Differential Diagnosis

  • Calcified left adrenal haematoma
  • Other causes of hemoparitoneum if ruptured

Evaluation

  • Initial FAST exam may show fluid in left upper quadrant if ruptured aneurysm
  • CTA Abdomen/Plevis is the gold standard[2]

Management

  • Emergent laparotomy or endovascular ablation for ruptured aneurysm

Disposition

  • Any size in symptomatic patients, cirrhotic patients undergoing liver transplant, patients with α-1 antitrypsin deficiency, and patients who are pregnant or of childbearing age requires consultation with a vascular surgeon for ligation or embolization
  • Greater than 2cm: Requires consult with a vascular surgeon for ligation or embolization[3]
  • Less than 2cm: Discharge with follow up with primary care provider or vascular surgeon for surveillance scans at six months and then every 1-2 years[4][1]

See Also

External Links

References

  1. 1.0 1.1 Khosa, Faisal, MD. "Managing Incidental Findings on Abdominal and Pelvic CT and MRI, Part 2: White Paper of the ACR Incidental Findings Committee II on Vascular Findings." Journal of the American College of Radiology 10.10 (2013): 789-94.
  2. Casadei R. et al.
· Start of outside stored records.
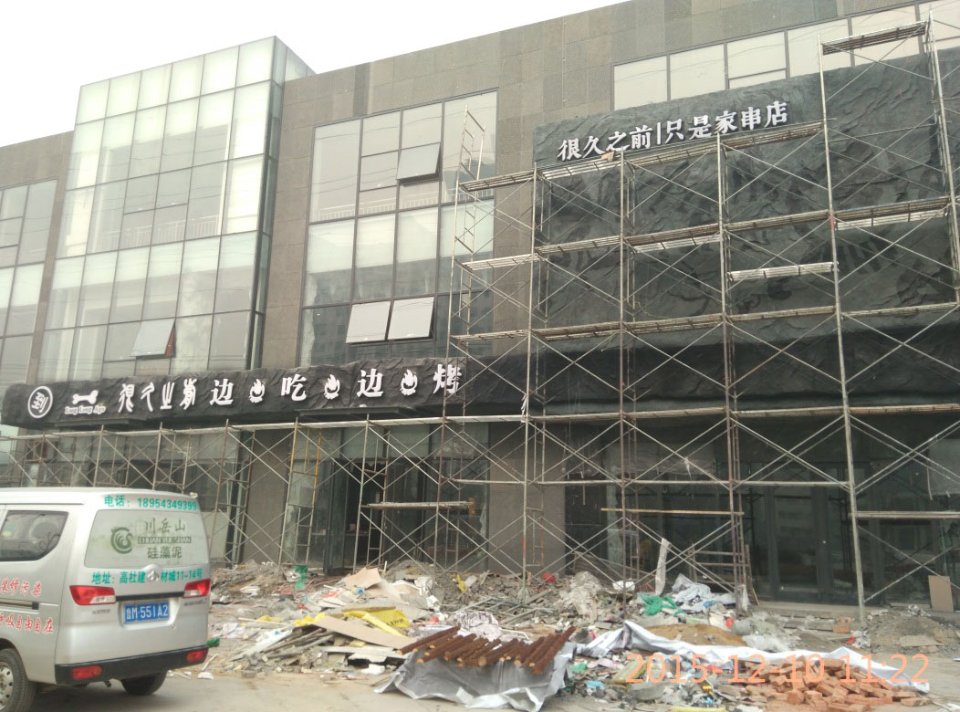 本項(xiàng)目從2015年10月28日開(kāi)始施工,截止2015年12月6日順利竣工。地址位于濱州市黃河六路渤海十八路西200米路北。室內(nèi)假山裝飾部分,分為巖石假山、仿鐘乳石假山、仿溶洞效果三種風(fēng)格?,F(xiàn)為濱州市唯一一家大型原生態(tài)風(fēng)格自助室內(nèi)燒烤城。
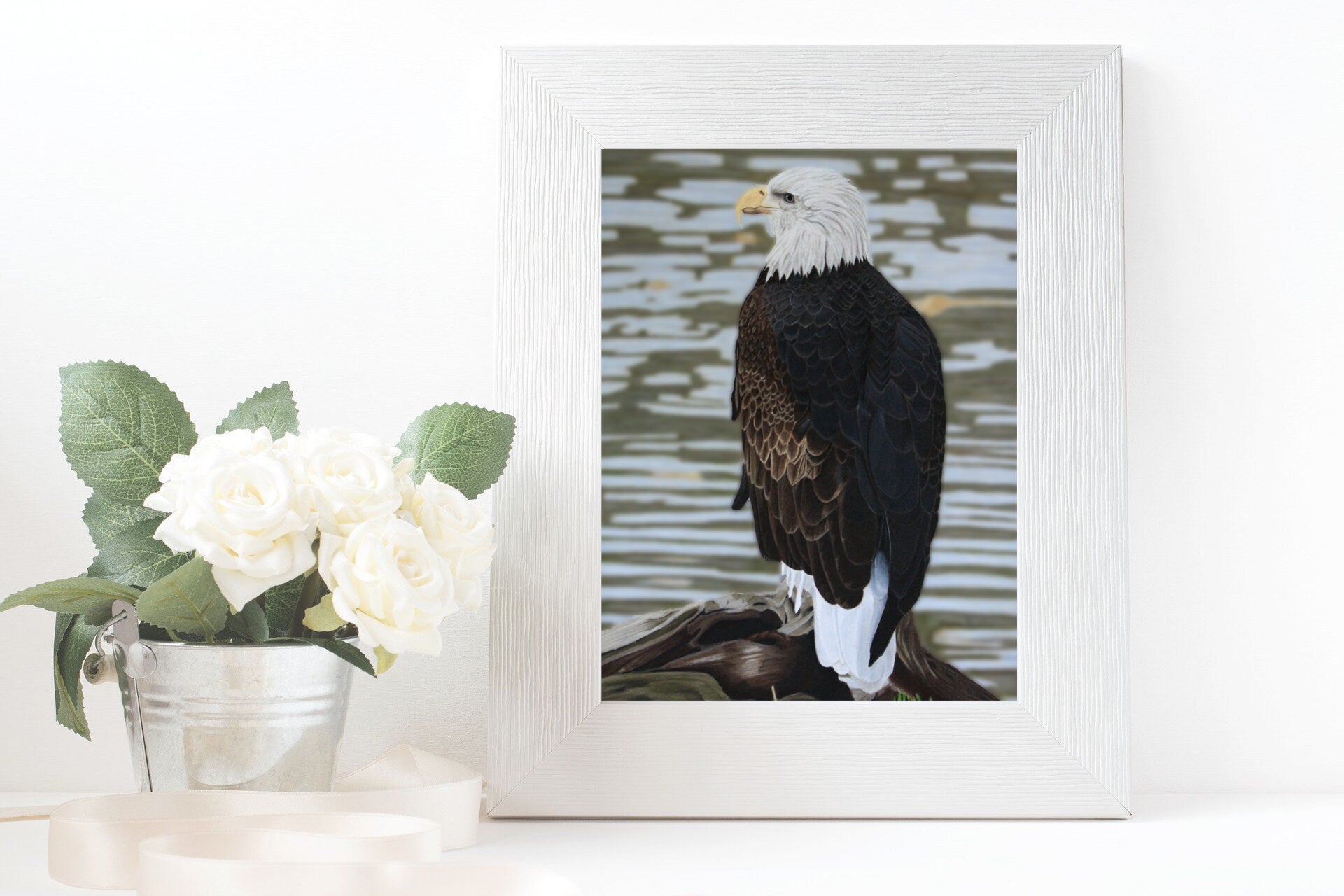This majestic eagle print is the perfect addition to your space. This artist print is printed on canvas paper for the look of a canvas print with the ease of paper, allowing for easy framing.
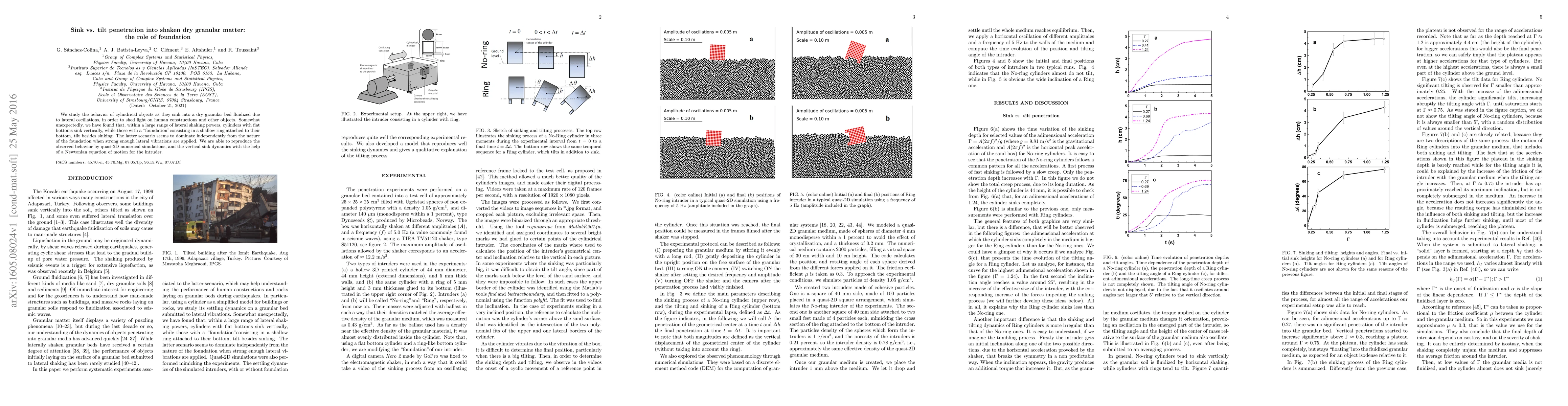 We study the behavior of cylindrical objects as they sink into a dry granular bed fluidized due to lateral oscillations, in order to shed light on human constructions and other objects. Somewhat unexpectedly, we have found that, within a large range of lateral shaking powers, cylinders with flat bottoms sink vertically, while those with a "foundation" consisting in a shallow ring attached to their bottom, tilt besides sinking. The latter scenario seems to dominate independently from the nature of the foundation when strong enough lateral vibrations are applied. We are able to reproduce the observed behavior by quasi-2D numerical simulations, and the vertical sink dynamics with the help of a Newtonian equation of motion for the intruder.
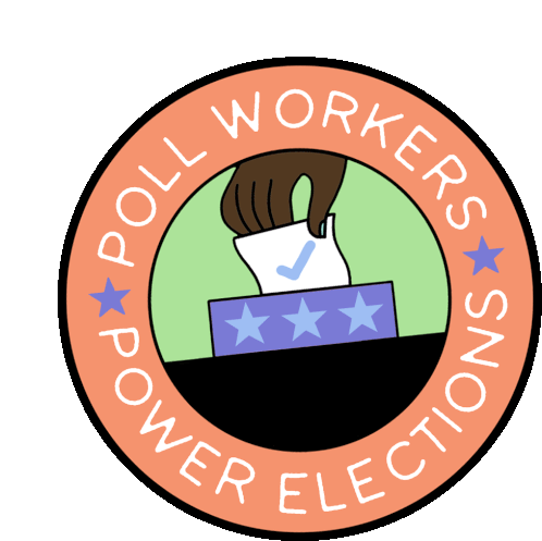 Circular sticker promoting civic engagement, featuring a hand casting a ballot into a box, with 'Poll Workers Power Elections' text.
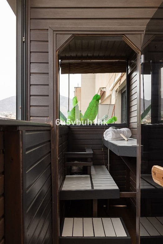 The penthouse has two bedrooms, a large bathroom with shower and a private sauna with its own shower room, located at the rear. The sauna offers impressive views of the mountain and the emblematic figure of “El Toro”. Additionally, there is another terrace at the rear, facing west, perfect for watching the beautiful sunsets over the mountains.
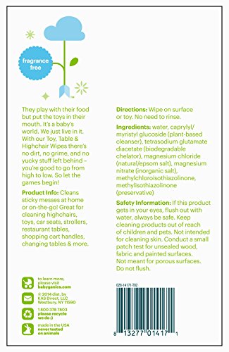 Babyganics Toy, Table & Highchair Wipes, Fragrance Free, 25 Count (Pack of 3)
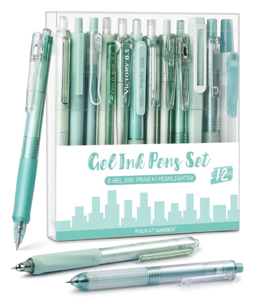- Four Candies 12本パステルゲルインクボールペンセット 11本ジェルボールペン&1本蛍光ペン 引き込み式 0.5mm かわいい
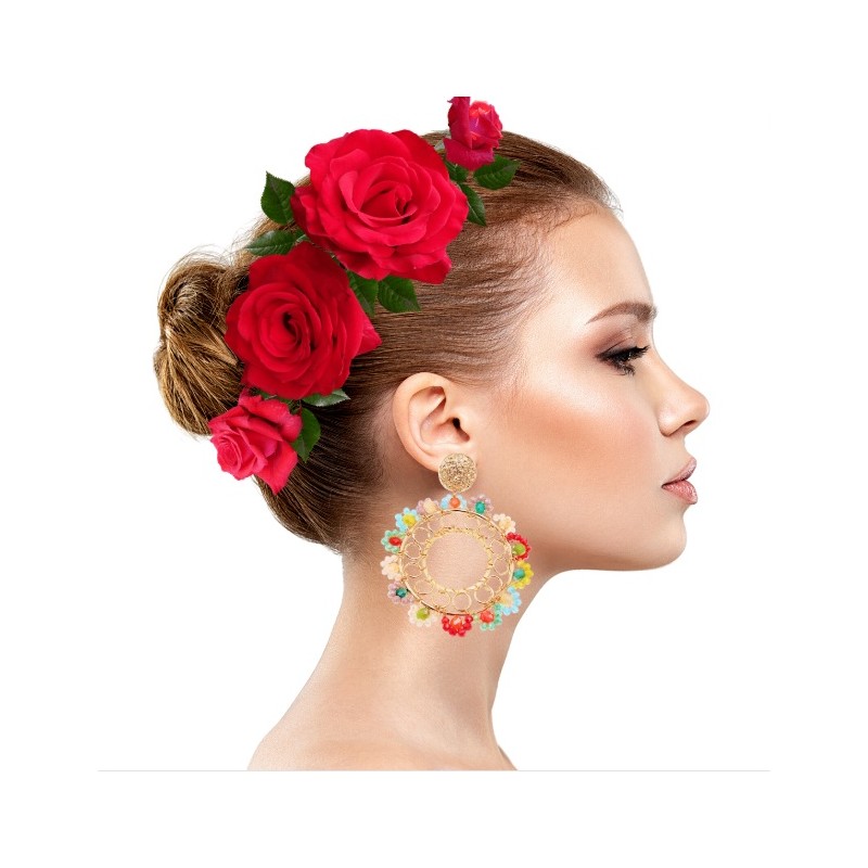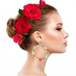 Pendientes fabricados en metal bisutería. En forma circular, cuenta con pequeñas piezas de plástico colorines facetados que le aporta mucho brillo a la pieza. Ideales para lucir en feria. Envíos rápidos en 24-48 horas laborables a península. Dimensiones: 8 cms de altura x 7 cms de anchura.

Thrombosed splenic artery aneurysm simulating a pancreatic body mass: can two entities be distinguished preoperatively thus avoiding diagnostic and therapeutic mistakes? JOP 2007;8:235–9
  3. Lakin, Ryan O., MD. "The Contemporary Management of Splenic Artery Aneurysms." Journal of Vascular Surgery 53.4 (2011): 1157.
  4. Abbas, Maher A. "Splenic Artery Aneurysms: Two Decades Experience at Mayo Clinic." Annals of Vascular Surgery 16.4 (2002): 442-49.